そこで思い浮かんだチョコに狙いを定め、チョコの世界で「100人に1人」を目指そうと思いました。

――思いつきではなく、続けられそうなものをしっかり吟味したのですね。長く続けられるためには最初が肝心だと感じました。

みんなでアイデア出しできたのがよかったですね。毎年年始に目標を立てるのですが、「いい人生にしたい」と漠然と思いながらも、年末振り返ると毎年仕事中心で終わってしまっていたなと感じていました。仕事は楽しいけれど、あっという間に過ぎていく1年に、「これで私は定年まで迎えるのだろうか」と違和感がありました。また、コツコツと続けることに苦手意識をもっていて、そんな自分を変えたいと思いました。
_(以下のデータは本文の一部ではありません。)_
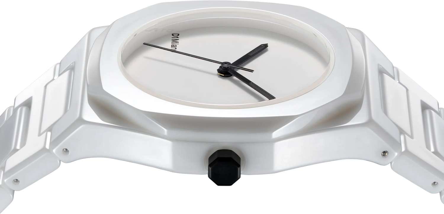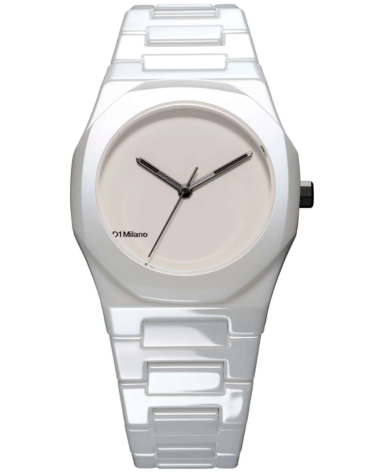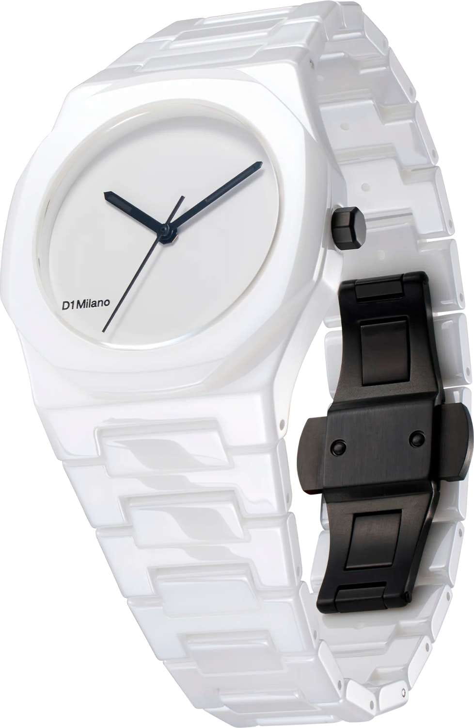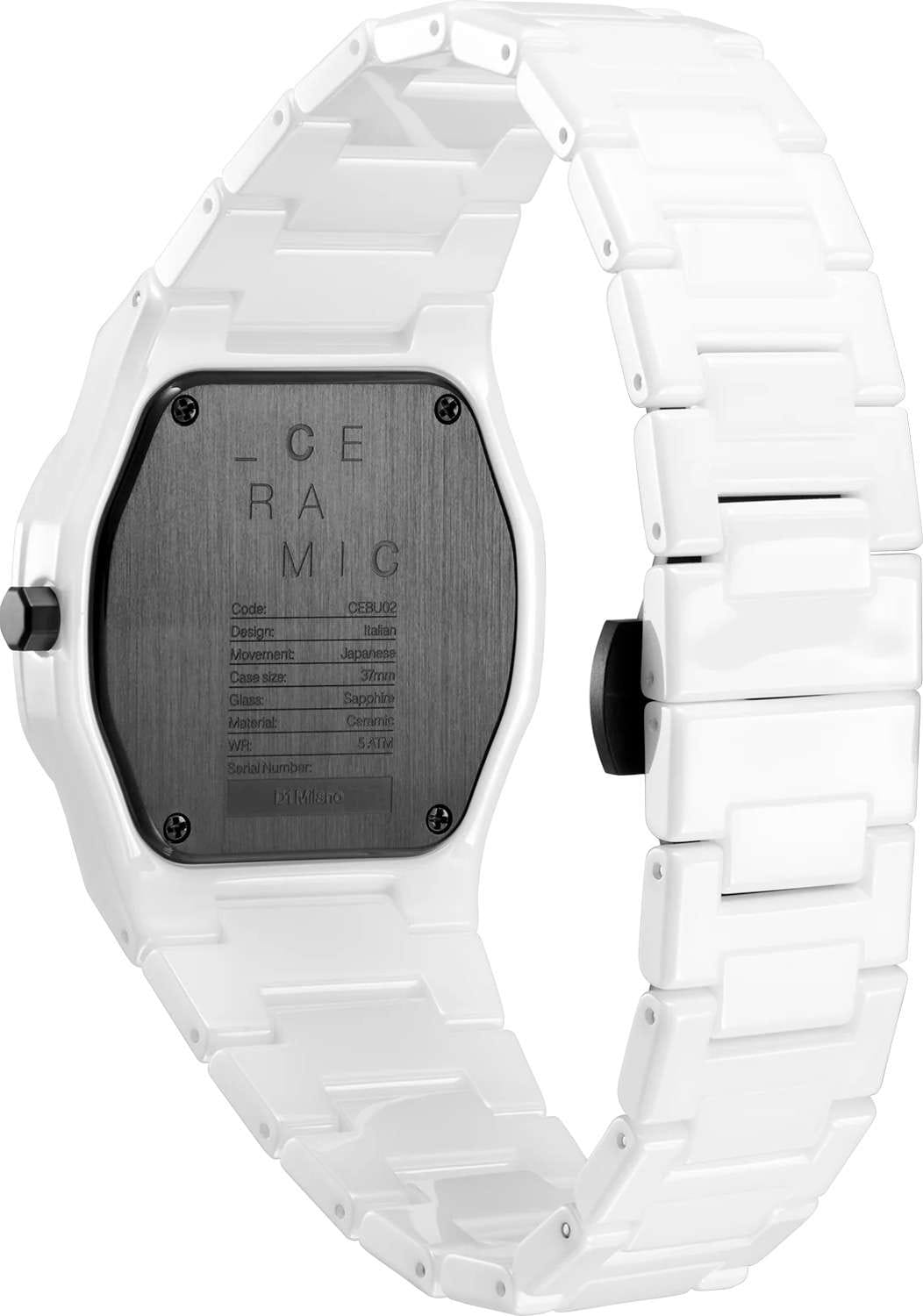 Часы D1 Milano Ceramic CEBU02 Pure White – роскошный аксессуар для современных женщин и мужчин. Кварцевые часы с корпусом из белой керамики. Циферблат лаконичный, без индексов, с надписью бренда. Стрелки из латуни с люминесцентным покрытиемЛюминесцентное покрытиеПозволяет считывать показания времени в темноте. Производители наносят на стрелки, часовые индексы, безель или поверхность циферблата светонакопительный состав, дающий холодное свечение.. Стальная задняя крышка с PVD-покрытиемPVDУльтратонкое покрытие наносится в технике вакуумного напыления, сочетает в себе нитрид титана особой прочности со слоем золота или оксида хрома. Несёт в себе декоративную или защитную функцию. закреплена на 4 винтах, что обеспечивает надежность конструкции. Керамический браслет с застёжкой «бабочка» с кнопкамиЗастёжка "бабочка"Такой вид застёжки дополняется предохранителями, помогающими избежать случайного раскрытия браслета. Обладают изящным исполнением. . Часы сочетают в себе классический дизайн и современные технологии производства.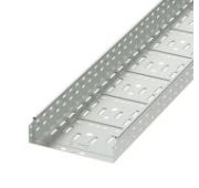 Перфорированные листовые лотки ДКС применяются для прокладки кабеля как в помещении, так и на открытом воздухе. Лотки отличаются высокой несущей способностью - подформовка, производимая при производстве этой продукции, создает дополнительное ребро жесткости, что увеличивает несущую способность системы до 54%. Перфорация сокращает вес конструкции. В лотках имеются отверстия для отвода кабеля диаметром 11 мм, 17 мм, 21 мм. Степень пыле- и влагозащиты перфорированных лотков - IP10 при использовании крышек, входящих в состав системы. Метод соединения ''мама-папа'' применяемый для системы, существенно сокращает время монтажа и создает непрерывный контур. Конструктив листовых лотков ДКС предупреждает повреждение кабеля при прокладке. Толщина стали - 0.7 мм, высота лотка - 50 мм, ширина - 200 мм, длина - 3000 мм. Полезное сечение - 9800 мм. Исполнение - ''сталь, оцинкованная по методу Сендзимира''.

目標は1年間に1000種類、つまり1日最低3種類のチョコを食べることにしました。やったことを記録に残したいのでブログも毎日続け、正直な感想を書こうと思いました。全くの未経験からブログを書き始めたので、最初は操作方法や、写真をアップする方法もわからず、1記事に1時間くらいかかり、これは大変なことを始めてしまった……と感じました(笑)。

1日3種類も食べると、コンビニのチョコはあっという間に制覇してしまいます。次に百貨店や専門店に行くことになり、そこで気づいたのは「チョコは高い!」ということでした。高級ブランドのチョコは1粒数百円レベルが当たり前なので、これはお金をためなければと思いました。買いたいときに迷いなく買えるようにするために、「チョコ貯金」として、毎月のお給料から強制的に8万円天引きすることにしました。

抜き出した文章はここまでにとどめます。